* PROBLEM DESCRIPTION
Each entry is to be given again word for word; images are dropped.

- - - - -

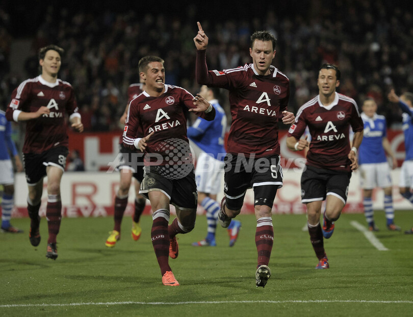 前半25分に先制点を挙げて歓喜するニュルンベルクのハノ・バリチュ(Hanno Balitsch、2012年4月11日撮影)。(c)AFP/GUENTER SCHIFFMANN
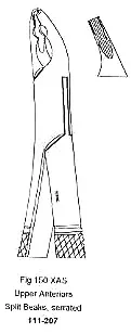 Extracting Forcep, Upper Anteriors Split Beaks, Serrated, English Pattern, Fig.150XAS,
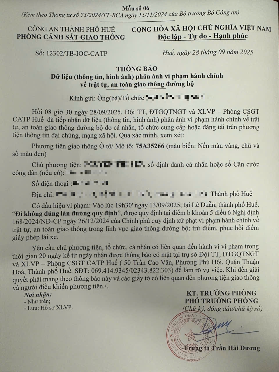 Vấn đề quý Ông/Bà phản ánh, Công an thành phố Huế đã chỉ đạo Phòng Cảnh sát giao thông kiểm tra và xin thông báo kết quả như sau:
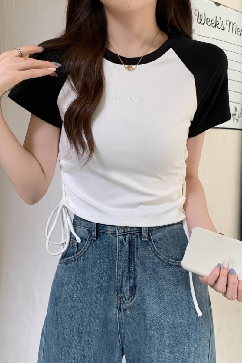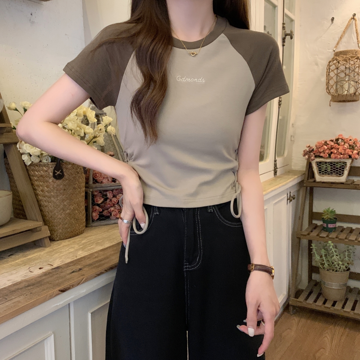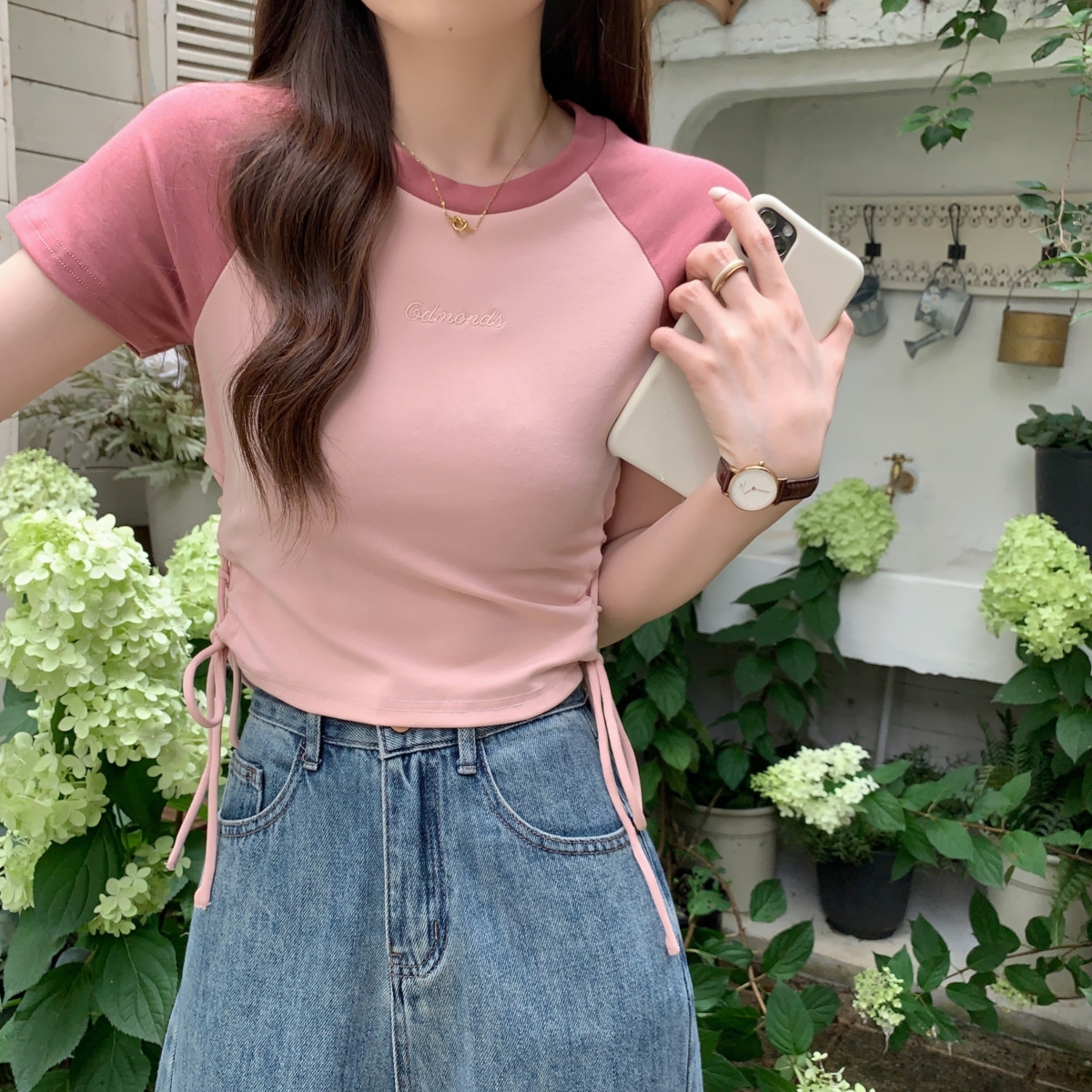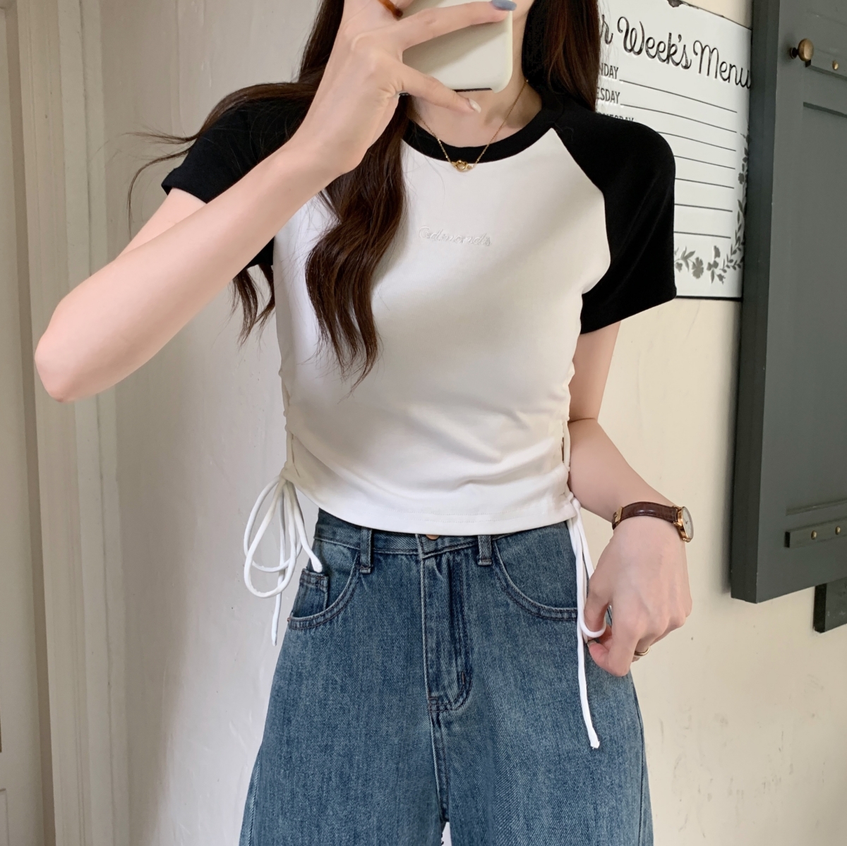 실제 사진 및 여름 한국 스타일 프랑스 스퀘어 넥 대비 디자인 다목적 니트 짧은 슬리브 여성 탑
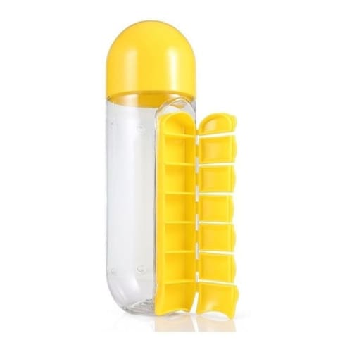 Resolva seus problemas de distância! Garrafa de água com o organizador de caixa de pílulas, uma ótima maneira de tomar a medicação. Garrafa de água com um organizador de caixa de comprimidos construído diariamente; Compartimento do organizador de sete comprimidos para cada dia da semana; Uma ótima maneira de tomar medicação enquanto viaja.
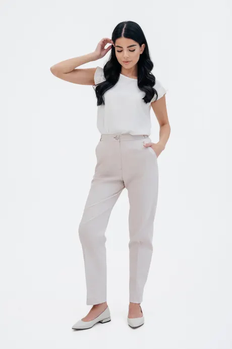 Брюки на высокой посадке, слегка зауженные, пояс на резинке «Хлопок Райбер» бежевые
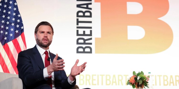El vicepresidente de Estados Unidos, JD Vance, participa en una conversación junto a la chimenea con el jefe de la oficina de Washington de Breitbart, Matt Boyle, en el Auditorio Andrew W. Mellon el 20 de noviembre de 2025, en Washington D. C. / Crédito: Tasos Katopodis/Getty Images.
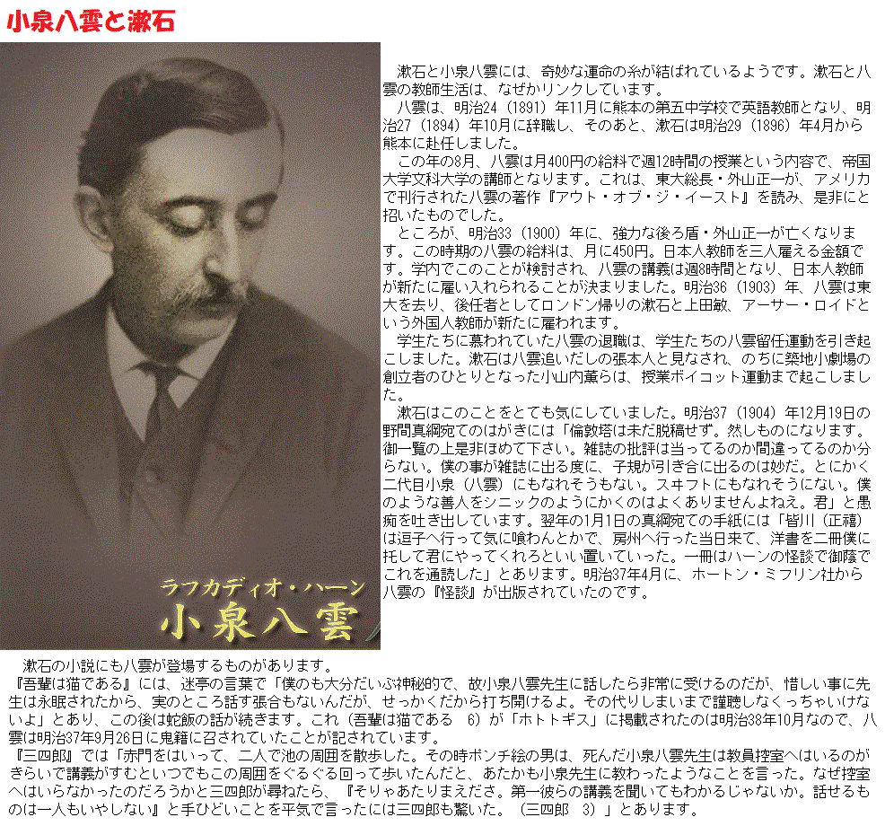 夏目漱石が来たことにより小泉八雲(ラフカディオ・ハーン)は解雇されています。
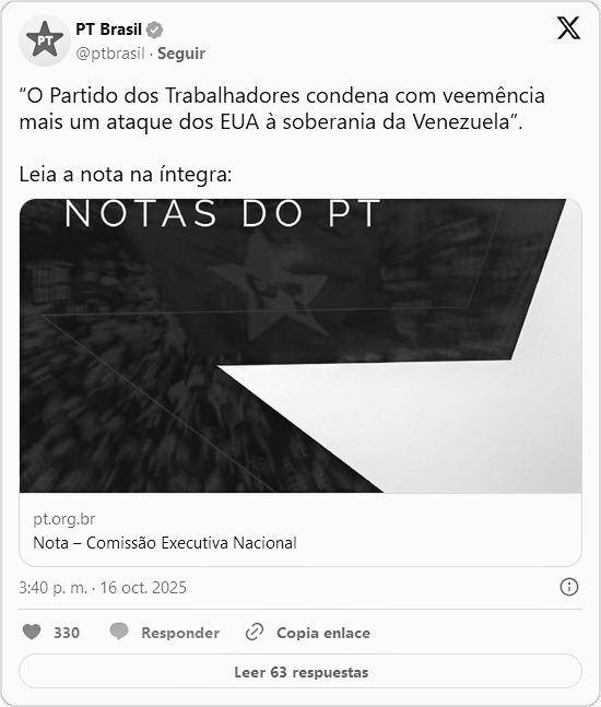 El Partido de los Trabajadores (PT) de Brasil emitió un comunicado condenando enérgicamente las recientes acciones de Estados Unidos contra Venezuela.
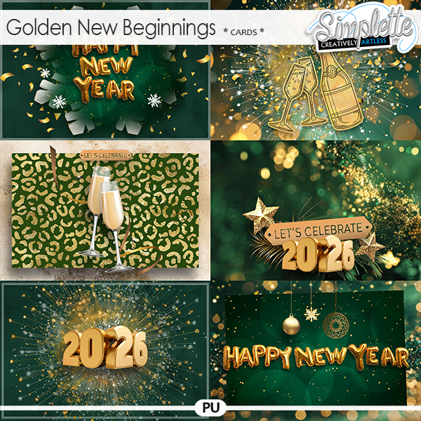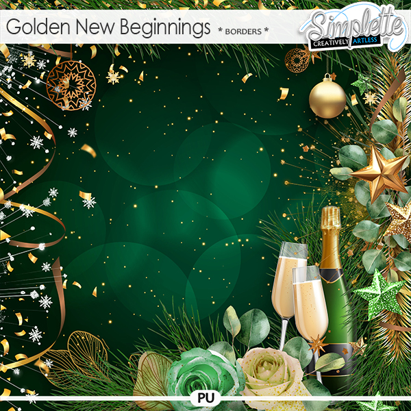Golden New Beginnings is a digital scrapbooking collection inspired by the beauty and elegance of New Year celebrations. Perfect for New Year layouts, greeting cards, winter projects, and celebrating fresh starts, it features a refined color palette of deep greens, soft gold, and champagne tones, enhanced with delicate flowers and subtle foliage.
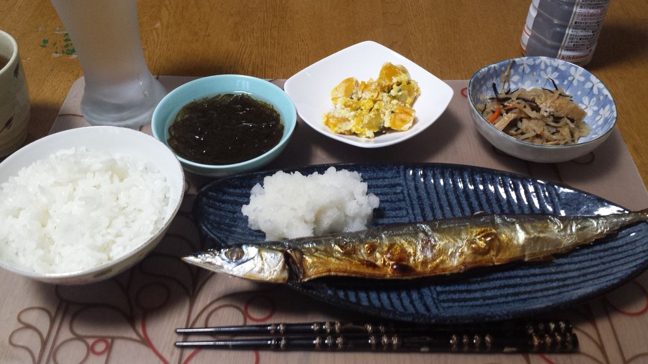 (前日のカレー鍋?) (朝食;サンマ)
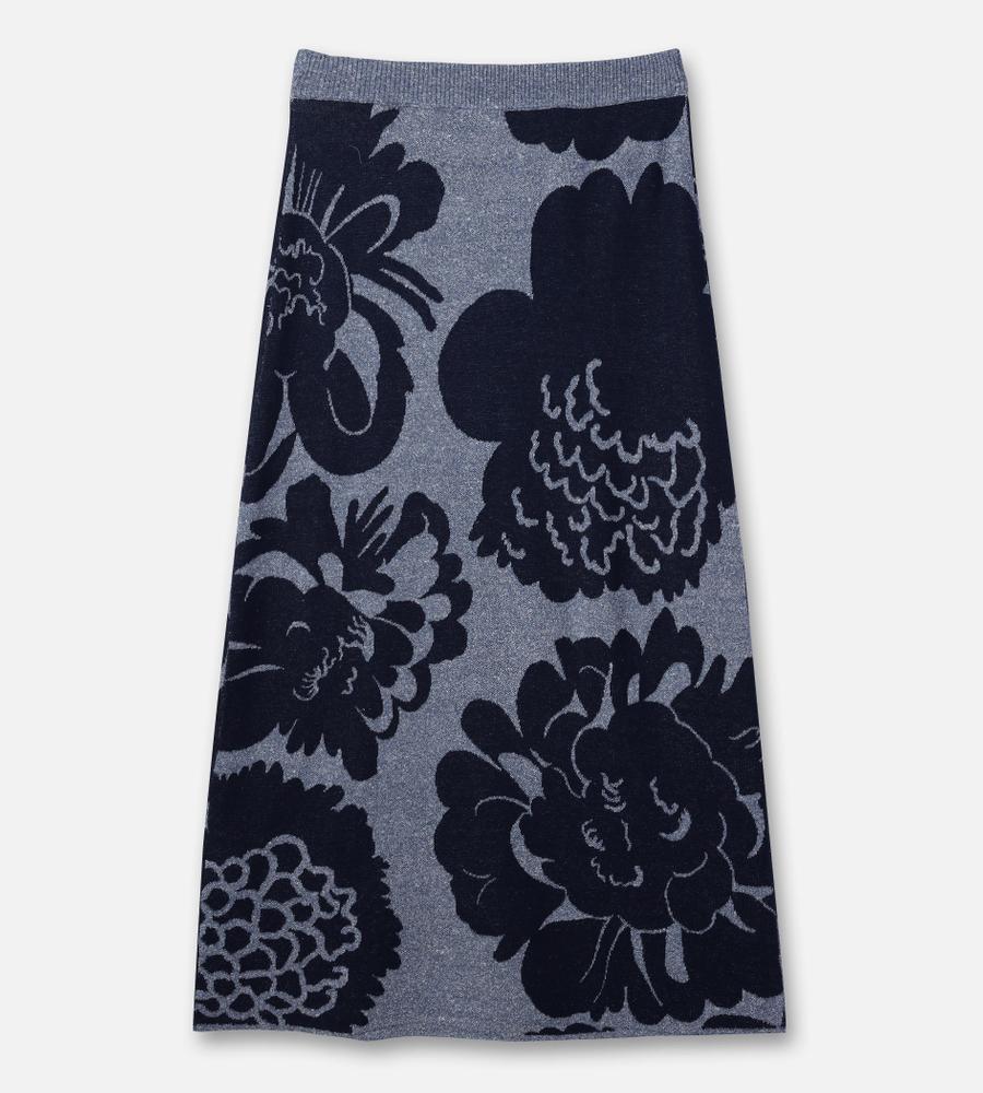 シックなカラーでまとめたPioni柄のニットスカート。伸縮性のあるウエストバンドがストレスフリーな履き心地。ロング丈のストレートシルエットで仕上げており、同柄のトップスと合わせたセットアップコーデも楽しんでいただけるアイテムです。

- - - - -

* ANSWER BOX
 前半25分に先制点を挙げて歓喜するニュルンベルクのハノ・バリチュ(Hanno Balitsch、2012年4月11日撮影)。(c)AFP/GUENTER SCHIFFMANN
 Extracting Forcep, Upper Anteriors Split Beaks, Serrated, English Pattern, Fig.150XAS,
 Vấn đề quý Ông/Bà phản ánh, Công an thành phố Huế đã chỉ đạo Phòng Cảnh sát giao thông kiểm tra và xin thông báo kết quả như sau:
 실제 사진 및 여름 한국 스타일 프랑스 스퀘어 넥 대비 디자인 다목적 니트 짧은 슬리브 여성 탑
 Resolva seus problemas de distância! Garrafa de água com o organizador de caixa de pílulas, uma ótima maneira de tomar a medicação. Garrafa de água com um organizador de caixa de comprimidos construído diariamente; Compartimento do organizador de sete comprimidos para cada dia da semana; Uma ótima maneira de tomar medicação enquanto viaja.
 Брюки на высокой посадке, слегка зауженные, пояс на резинке «Хлопок Райбер» бежевые
El vicepresidente de Estados Unidos, JD Vance, participa en una conversación junto a la chimenea con el jefe de la oficina de Washington de Breitbart, Matt Boyle, en el Auditorio Andrew W. Mellon el 20 de noviembre de 2025, en Washington D. C. / Crédito: Tasos Katopodis/Getty Images.
 夏目漱石が来たことにより小泉八雲(ラフカディオ・ハーン)は解雇されています。
 El Partido de los Trabajadores (PT) de Brasil emitió un comunicado condenando enérgicamente las recientes acciones de Estados Unidos contra Venezuela.
Golden New Beginnings is a digital scrapbooking collection inspired by the beauty and elegance of New Year celebrations. Perfect for New Year layouts, greeting cards, winter projects, and celebrating fresh starts, it features a refined color palette of deep greens, soft gold, and champagne tones, enhanced with delicate flowers and subtle foliage.
 (前日のカレー鍋?) (朝食;サンマ)
 シックなカラーでまとめたPioni柄のニットスカート。伸縮性のあるウエストバンドがストレスフリーな履き心地。ロング丈のストレートシルエットで仕上げており、同柄のトップスと合わせたセットアップコーデも楽しんでいただけるアイテムです。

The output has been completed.